Question

Which species do not have \[s{p^3}\] hybridisation?
A) Ammonia
B) Methane
C) Water
D) Carbon dioxide

Answer 1

Hint: An \[s{p^3}\] hybridised atom has four groups surrounding it. The surrounding groups may be bonded atoms or lone pairs present on the atom. Here, we will use a formula to calculate hybridisation.

Formula used: \[H = \dfrac{{V + X + A - C}}{2}\]; Here, H means hybridisation, X is the count of monovalent atoms, A stand for anionic charge, and C stands for cationic charge

Complete Step by Step Answer:
Let’s discuss all the options one by one.
Option A is ammonia. The formula for ammonia is \[{\rm{N}}{{\rm{H}}_{\rm{3}}}\] .
Valence electrons of N atom = 5, Count of monovalent atoms = 3
So, \[H = \dfrac{{5 + 3}}{2} = 4\]
The value of H 4 means the hybridisation is \[s{p^3}\].

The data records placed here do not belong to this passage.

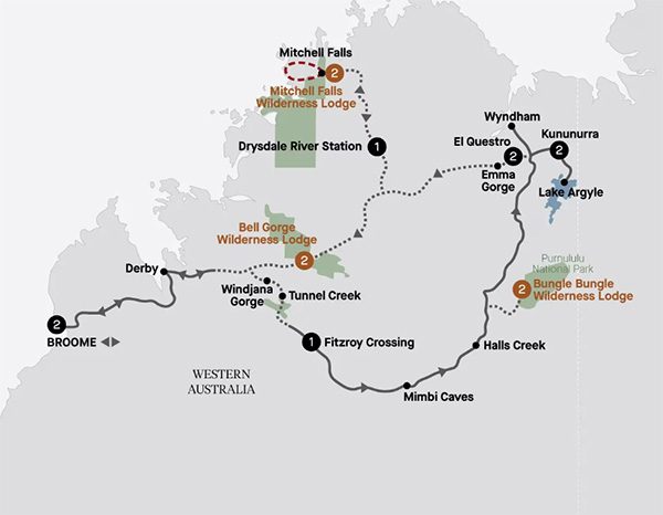 • 14 nights in APT’s exclusive network of luxury wilderness lodge including two nights at El Questro
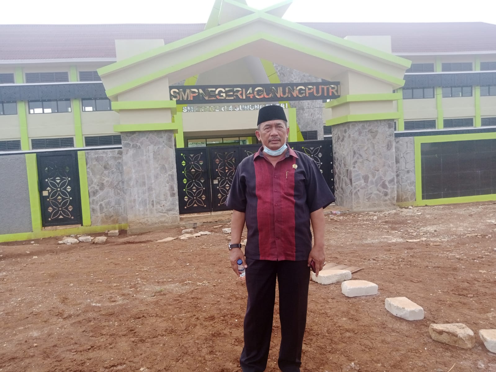 Anggota Komisi II DPRD Kabupaten Bogor Adi Suwardi meninjau bangunan Gelanggang Olahraga Masyarakat (GOM) dan SMPN 4 Gunung Putri, Kecamatan Gunung Putri Kabupaten Bogor.
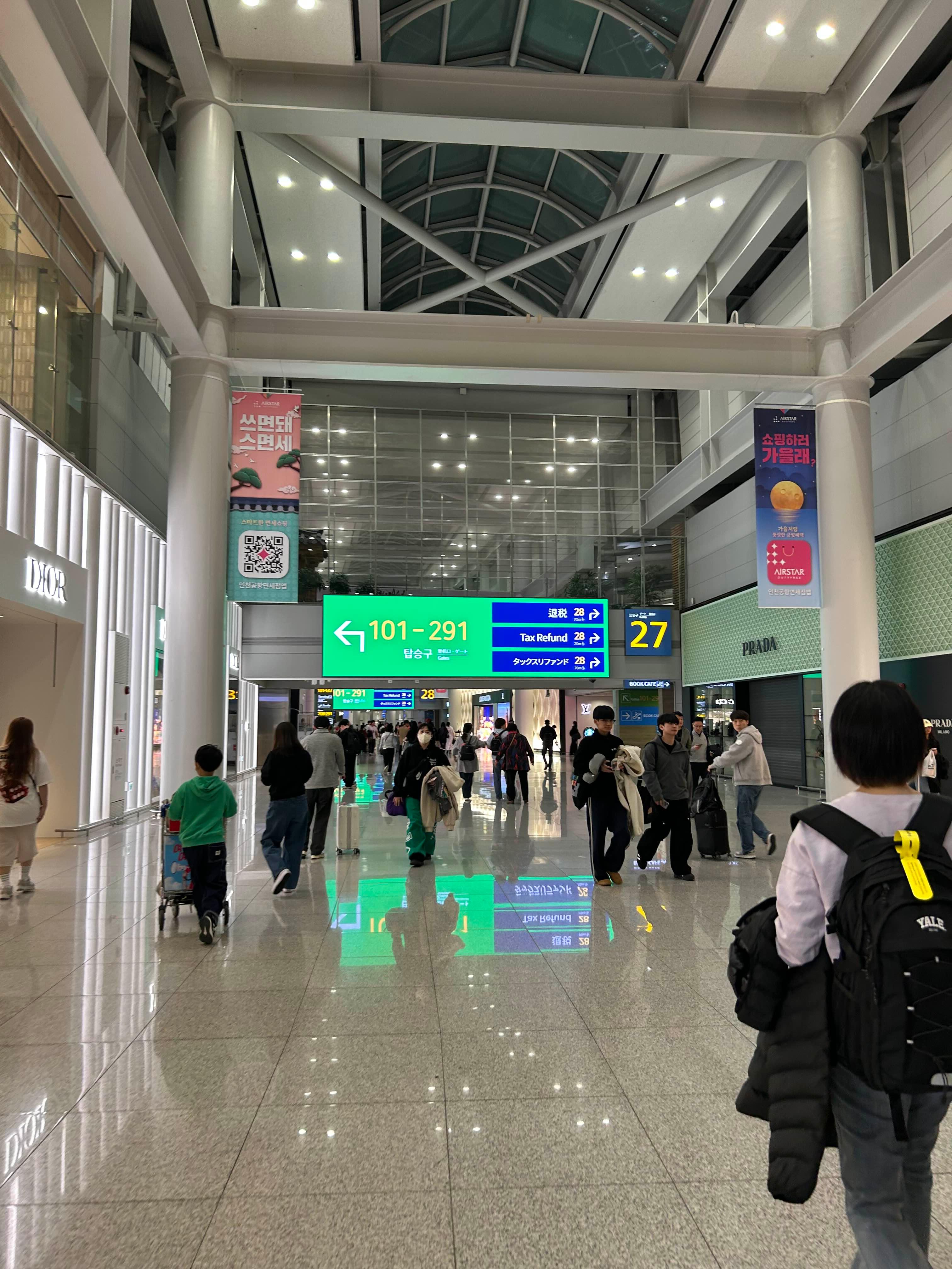 탑승구는 101번이었는데 무지하게 걸어야 했다. 인천 1터미널에서도 극단에 있는데다가, 반층 정도를 에스컬레이터로 더 내려갔다. 생각보다 줄이 길어서 라스트 콜 직전에야 탈 수 있게 되었다. 그리곤 다시 기절 😴

Option B is methane. The formula for methane is \[{\rm{C}}{{\rm{H}}_4}\] .
Valence electrons of C atom = 4, Count of monovalent atoms=4
So, \[H = \dfrac{{4 + 4}}{2} = 4\]
The value of H 4 means the hybridisation is \[s{p^3}\].

Option C is water. The formula for water is \[{{\rm{H}}_{\rm{2}}}{\rm{O}}\] .
Valence electrons of O atom = 6, Count of monovalent atoms = 2
So, \[H = \dfrac{{6 + 2}}{2} = 4\]
The value of H 4 means the hybridisation is \[s{p^3}\].

Option D is carbon dioxide. The formula for carbon dioxide is \[{\rm{C}}{{\rm{O}}_2}\] .
Valence electrons of C atom = 4, Count of monovalent atoms = 0
So, \[H = \dfrac{4}{2} = 2\]
The value of H 2 means the hybridisation is \[sp\].
Therefore, among the given molecules, only \[{\rm{C}}{{\rm{O}}_2}\]molecule does not have\[s{p^3}\] hybridisation.
Hence, option D is right.

Note: Another method to find out whether the hybridisation is \[s{p^3}\] or not is to count the surrounding groups of the atom. If the count of the surrounding groups is four, the hybridisation is \[s{p^3}\]. Here, \[{\rm{O}} = {\rm{C}} = {\rm{O}}\], the C atom is surrounded by two O atom, so its hybridisation is \[sp\].